Summary of results from the current study compared to previous studies that identified accessory cas genes, divided between archaea and bacteria. The previous studies were limited to a (a) archaeal genomes [1] and (b) a representative subset of genomes [12]. The present study is more comprehensive. List of putative accessory gene clusters conserved near Type III genetic modules which passed the Type III association score cut-off (>24). A few gene families with lower scores are also included because they have been confirmed as accessory proteins in earlier studies. For each putative accessory protein family, the cluster id, the size (i.e. number of members per cluster), and the calculated Type III association score are listed. An example (gene-) locus id is also provided for reference.
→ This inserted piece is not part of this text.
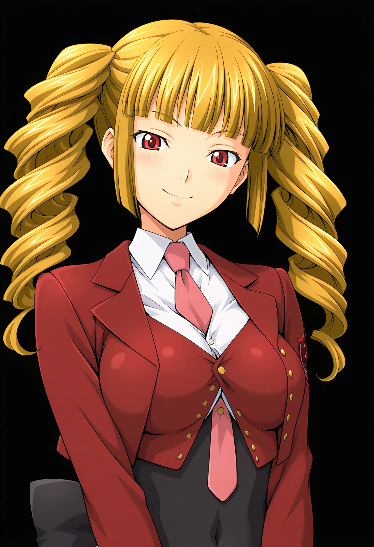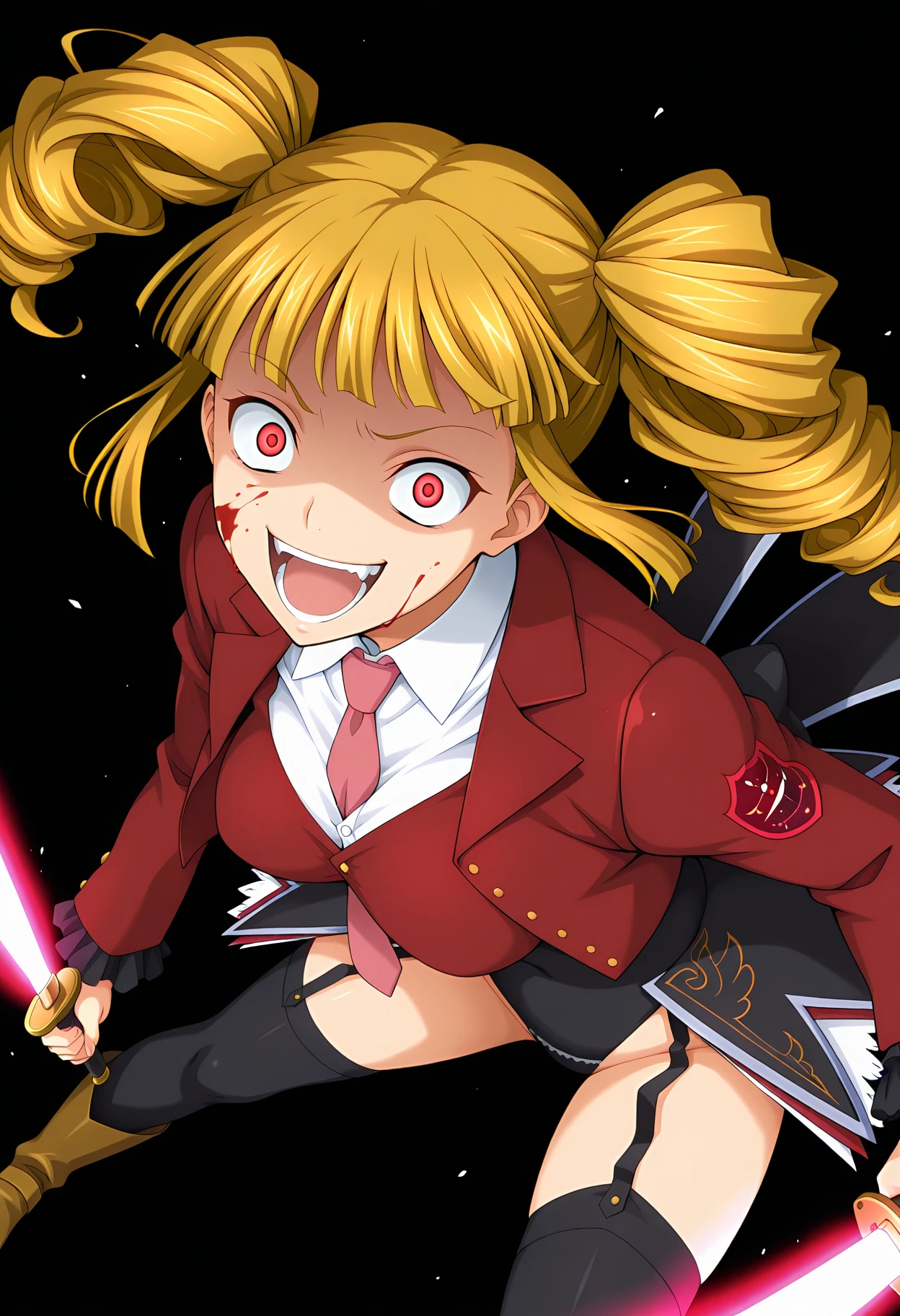 1girl, solo, beelzebub, stakes of purgatory, blonde hair, drill hair, twintails, long hair, twin drills, bangs, red eyes

Names are provided for accessory protein families identified in earlier studies [1,10,12], while those identified in the present study are indicated in bold with C3a numbers (Cas type 3 Associated). 39 of 76 putative accessory protein families are newly identified. Commonly associated Type III subtypes are listed for each putative accessory protein family. Unclassified variant subtypes are indicated by ‘III’. Most accessory gene families can function with different Type III subtypes. A predicted function is given in the last column. Gene maps of example Type III gene cassettes including accessory genes. Core Type III genes are drawn in red with csm/cmr numbers for Type III-A/B modules, and cas numbers for Type III-D modules. cas6 and the adaptation module genes are orange and blue respectively, also with cas gene numbers. Accessory genes are drawn in purple with the gene cluster number indicated.

Online availability of results

The complete set of results is provided online in an indexed and readily searchable format for further validation (Table S1, http://accessory.crispr.dk). Multiple sequence alignments are provided for protein sequences encoded by each gene cluster. Gene names, and host genome accession numbers are given for each gene together with the adjacent Type III module subtype (Table S2, http://accessory.crispr.dk/genes.html). Profile-profile matches to the sequence family databases Pfam [29], TIGRFAMs [10] and CDD [11] are also presented for each gene family, along with matches to protein structures in PDB [30]. A multi-FASTA file containing all 982 accessory protein sequences along with the designated cluster ID is also available (http://accessory.crispr.dk/Shah2018.TypeIIIaccessory.faa). Finally, gene maps have been drawn for each of the 982 separate putative accessory genes found, illustrating their genomic context including the neighbouring Type III genetic module and other accessory genes or core cas genes from other systems flanking the same module. Clicking the gene maps links to the gene entry in the RefSeq database, enabling easy retrieval of protein or gene sequences, along with the option of initiating a BLAST or CDD search with an additional click. Code for reproducing the results is available GitHub (https://github.com/BackofenLab/Accessory.Crispr).

Largest gene clusters

Of the five largest gene clusters (1 to 5), the first three had 116, 94 and 69 members, respectively (Table 2). All gave highly significant profile-profile matches to known CARF protein profiles (e.g. TIGR02710 or Csx1 and the 5FSH PDB entry for the Csm6 crystal structure from Thermus thermophilus). This result confirms the earlier observation for archaea that CARF domain-encoding genes comprise the most dominant class of accessory genes. The largest cluster with no CARF match, cluster 4, had a low Cas association score (only 3% Type III specificity) and was considered spurious and not included in Table 2. This particular gene cluster encodes an ancient, ubiquitous, family of ABC-transporters with high sequence conservation that would probably appear enriched regardless of the genomic locus under survey. Gene cluster 5 with 64 members was almost exclusively associated with the less well characterised III-D subtype modules. These genes were always closely linked with their cognate Type III genetic modules and co-transcribed with the core cas genes. The genes encode a relatively small protein (about 160 aa) with no significant matches in sequence databases, a pattern typical for Cas11 (SS). Additionally, a cas11 gene assignment for these systems was missing from the original 2015 annotation. Therefore, we inferred that the gene, like cluster 42 (Figure 1(e)), encodes the Cas11 analog, of an uncharacterized subfamily of Type III-D modules and that cluster 5 represents a core Type III-D gene family rather than an accessory gene family.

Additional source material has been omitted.